Baldwin City's First Responders may grow in number next year. Baker University is planning to offer a First Responder interterm course in January, after about 40 students said they would be interested in taking the course.
"We lack numbers big time," said McCann, who gauged student interest via a campus-wide e-mail. "We knew I was going to be leaving. Tyler (Tuckness) only has one more year. We needed to find a way to get new people interested. Hopefully we can get more out of the interterm class next year."
A First Responder is the most basic of the emergency medical service levels. McCann is an EMT intermediate defibrillator (ID), completing his EMT training at Kansas City Kansas Community College.
In August, he will start courses to become a paramedic at Oklahoma City Community College.
"The program in Oklahoma City had a lot of aspects to it that were attractive to me," McCann said. "I lived in this area all of my life. I absolutely loved (Oklahoma City). It is just a little bit of a change. I figure if I ever leave this area, why not now while I am young. I can always come back."
In three semesters, he would like to return to the area.
"When I complete my training, I want to come back to this area Lawrence, Baldwin or Johnson County to pursue a job in this area as a paramedic," he said.
In the meantime
McCann, the son of John McCann and Barbara Hakkio, won't be far from Baldwin City this summer. He is an assistant manager at a water park facility in Prairie Village. He managed the Baldwin City pool last summer.
He is excited about the summer and moving to Norman, Okla., a suburb of Oklahoma City, but he will miss the community he became a part of.
"Graduation will be a really exciting day for me," McCann said. "It will also be a sad time for me leaving Baldwin on a full-time basis. I am leaving behind a lot of friends and experiences and memories I don't want to leave."
His time here often meant juggling a full class load he took 17 hours his last semester with medical and fire calls. On a recent Friday, he woke up to a medical call, attended his 8 a.m. class, had a mid-morning medical call, ate lunch and went to a fire call instead of his afternoon class.
"It did that the whole rest of the day," he said. "We would consider that a very busy day."
And there are times when days go by without a medical or fire call.

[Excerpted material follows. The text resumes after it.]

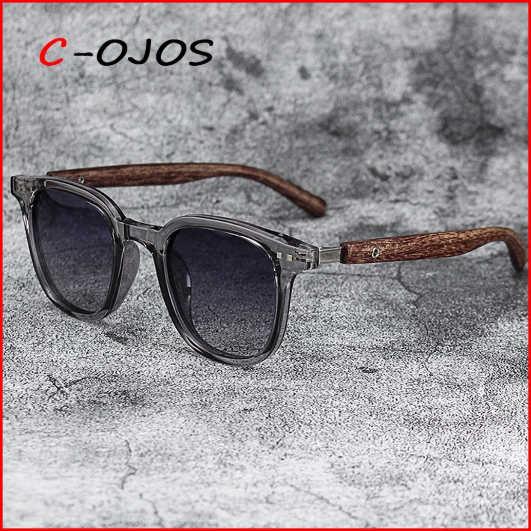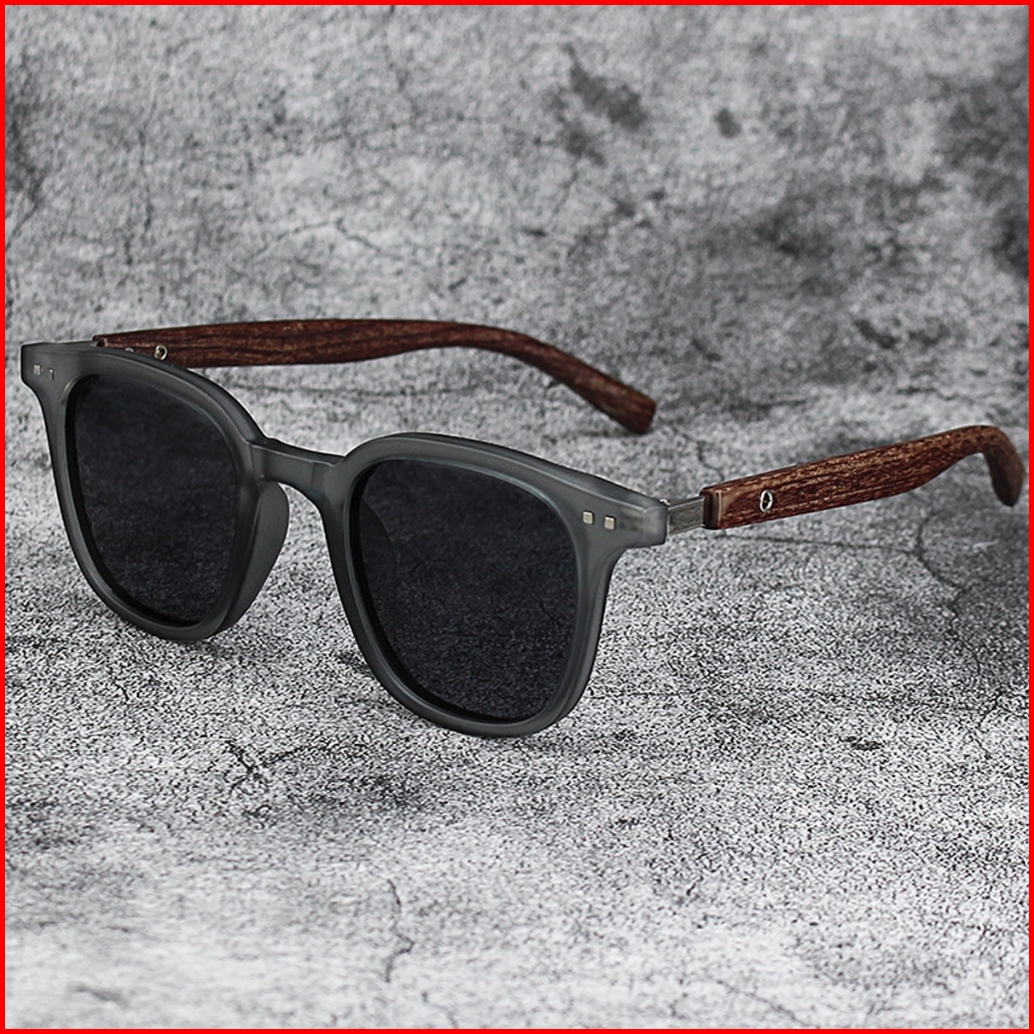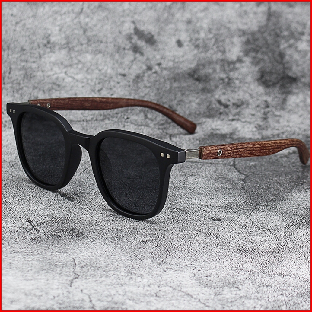 Kacamata Hitam Bingkai Kayu Retro Pria Baru Kacamata Hitam Terpolarisasi Antik Persegi Merek Klasik Kacamata Berkendara

"There is no typical day," he said.
What didn't change was McCann's dedication to the job and his reason for doing it. He loves working with people, even if it is not in the best of situations.
"Losing a patient, by far," he said is the worst part of his job. "It never gets any easier. Eventually you develop a callus nature to it, and it doesn't bother you quite as much. Nothing you ever do will keep it from bothering you when you lose somebody. It is never easy to walk in the next room and tell family members we tried our hardest, without success. It can be very difficult."
And he often found it hard working in a community where he came to know so many people.
"Being in a small community, it's never easy hearing an address you immediately know," he said. "Your heart sinks to the bottom of your stomach."
There is a best part of the job, too.
"The rewarding nature of it," he said. "I love working with people. When somebody feels like they have a big enough problem to call 911, and I can show up and provide the care to make them better, then I can always walk away with a smile on my face."
McCann said his experiences in the Baldwin community were valuable to his future as a paramedic. And despite some missed and half-attended classes, he thanked the support he received from Baker University.
"I could never have been so dedicated if Baker faculty hadn't been so supportive," said McCann, who also was a resident advisor at Baker for two years. "I am not a straight-A student I never have been. I can think of numerous times of a faculty member saying, 'It's OK, we can work it out.'
"The experiences I have gotten here, I couldn't replace with anything."